Holding legal status in Lebanon isn’t just a matter of convenience; it’s central to almost all aspects of refugee life. Unfortunately, rapidly changing policies, inconsistent implementation, and inadequate dissemination of information mean that many refugees in Lebanon are living here illegally. In September, Lebanon’s government gave refugees who had limited legal status as of August 21, 2014 the opportunity to regularize their stay with General Security for free. Thousands who had either entered illegally or whose legal stay had expired were able to become legal residents without paying the LBP 950,000 ($630) regularization fee. 

Still, hundreds of thousands of Syrian refugees are not living in Lebanon legally. UNHCR declined to provide Executive with numbers on how many of the 1.2 million registered refugees in Lebanon fall within this category. However, the agency’s planning figures in early 2014 anticipated that over 800,000 Syrian refugees — two thirds of those registered with UNHCR — would be living with limited legal status by the end of that year. With the government’s stricter policies on entry and residency, this number may now be even higher.

Lack of legal stay severely restricts refugees’ ability to move around Lebanon. In a detailed March report on the topic, the Norwegian Refugee Council interviewed 1,256 Syrians, over half of whom were in Lebanon illegally. NRC noted that over 73 percent of respondents reported curtailed freedom of movement as the biggest consequence of their illegal stay in Lebanon. Fear of harassment by security forces at checkpoints, local municipality police, and even regular Lebanese citizens has kept many Syrians sedentary. Refugees with limited legal status who are arrested by security forces are usually given an order for departure back to Syria, but are rarely forcibly deported.

Nonetheless, this lack of mobility has a major effect on refugees’ access to resources. For some, their limited legal status has prevented them from registering with UNHCR. Several refugees who had crossed over illegally from Syria’s Qalamoun region told Executive they felt “trapped.” Too afraid to cross Lebanese Army checkpoints, they could not register at the UNHCR center in Zahle.

According to the NRC report, illegal stay has also pushed families towards increased child labor. Male heads of households without legal stay are often too afraid to leave their homes to seek work for fear of arrest. Since children are less likely to be stopped by security forces and asked for paperwork, fathers often send their children to work or beg for money instead of going to school. NRC says this practice exposes children to potential abuse and exploitation. Furthermore, Syrians without legal stay cannot access Lebanon’s healthcare system, and crucially cannot register the birth of their children with the Lebanese authorities. 

“It creates anxiety, uncertainty. It prevents them from organizing their lives … It’s impacting everything else,” says HRW’s Houry.

Follow the money? 

At the time of writing, the Lebanese government and relevant security agencies had yet to issue decisions on the renewal process for the new visas that Syrians will hold. In their reaction to the decision, Amnesty International announced that refugees who had legal status prior to January 5, 2015, would continue paying the $200 per adult renewal fee as usual, but this has not been confirmed by the Ministry of Interior or General Security. 
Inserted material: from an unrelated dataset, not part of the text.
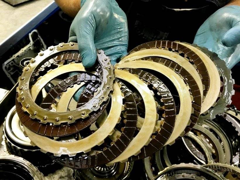 Фрикционы иногда подгорают. Особенно в условиях недостатка жидкости ATF. При снижении давления диски начинают «пробуксовывать». Это вызывает неприятные рывки в момент переключения передач. В норме фрикционы сжимаются и разжимаются, чтобы зацепить нужную шестерню. Низкий уровень масла приводит к проскальзыванию. Типичный симптом — появляется запах гари, жидкость становится черной. Изношенные диски придется заменить.

For many refugees, the renewal process presented a significant financial burden. NRC’s report notes that refugee families typically pay $100 per month to rent out a small bedroom in an unfinished building. Securing food costs more than $200 per month, and fuel comes at a cost of $100 per month. Given that the average Syrian refugee family earns $250 per month, according to NRC, the renewal fee is one of the first expenses that families forego when money gets tight.

Indeed, the NRC’s March report notes that almost one third of those interviewed stated they could not renew their stay, with 85 percent of these cases saying the cost had prevented them from being able to do so. Others reported that poor treatment and a fear of General Security offices had caused them to skip renewals. 

Birth rates among Syrian refugees are significantly higher than neighboring Lebanese populations

[/media-credit] Birth rates among Syrian refugees are significantly higher than neighboring Lebanese populations

Despite the pervasive negative effect that limited legal status has had on Lebanon’s refugees, international aid groups have declined to cover the cost of visa renewal. In 2012, when refugees were nearing their first one year stay in Lebanon and would have to pay the $200 for the first time, aid agencies agreed that they would not cover the yearly fee as part of their support. Now, only one or two NGOs provide the $200 for very extreme cases. “It would be a huge fee. It would potentially contradict our advocacy towards waiving that fee,” says Dalia Aranki, advisor to the NRC’s Information, Counseling, and Legal Assistance Program. A mere 100,000 renewals — less than 20 percent of the refugee population over 15 — would cost $20 million. 

Keeping refugees, and those helping them, informed 

Refugee and aid agencies alike have said it is difficult to keep up with the government’s changing policies. Some organizations, like NRC, have two tiers of information-gathering: the official government statements about its policies, and the observed and reported practices of security forces. They aren’t always consistent.

“If you go to General Security offices, they’ll tell you your kids don’t need to be registered. But then you take them to the border and they tell you you’re violating Lebanese law,” complains Leila, a Syrian refugee living in the Burj al-Barajneh camp in southwest Beirut.

NRC’s Aranki says she’s seen the same inconsistency. “You can see how complicated this is. There have been so many changes, and how this is implemented is not written down somewhere in one place,” she explains. Practices differ in areas with different local administrations, and NRC has even had to step in to retrain local authorities who were incorrectly registering Syrian refugee births.

[pullquote]Making sure refugees are aware of the legal procedures is no easy task[/pullquote]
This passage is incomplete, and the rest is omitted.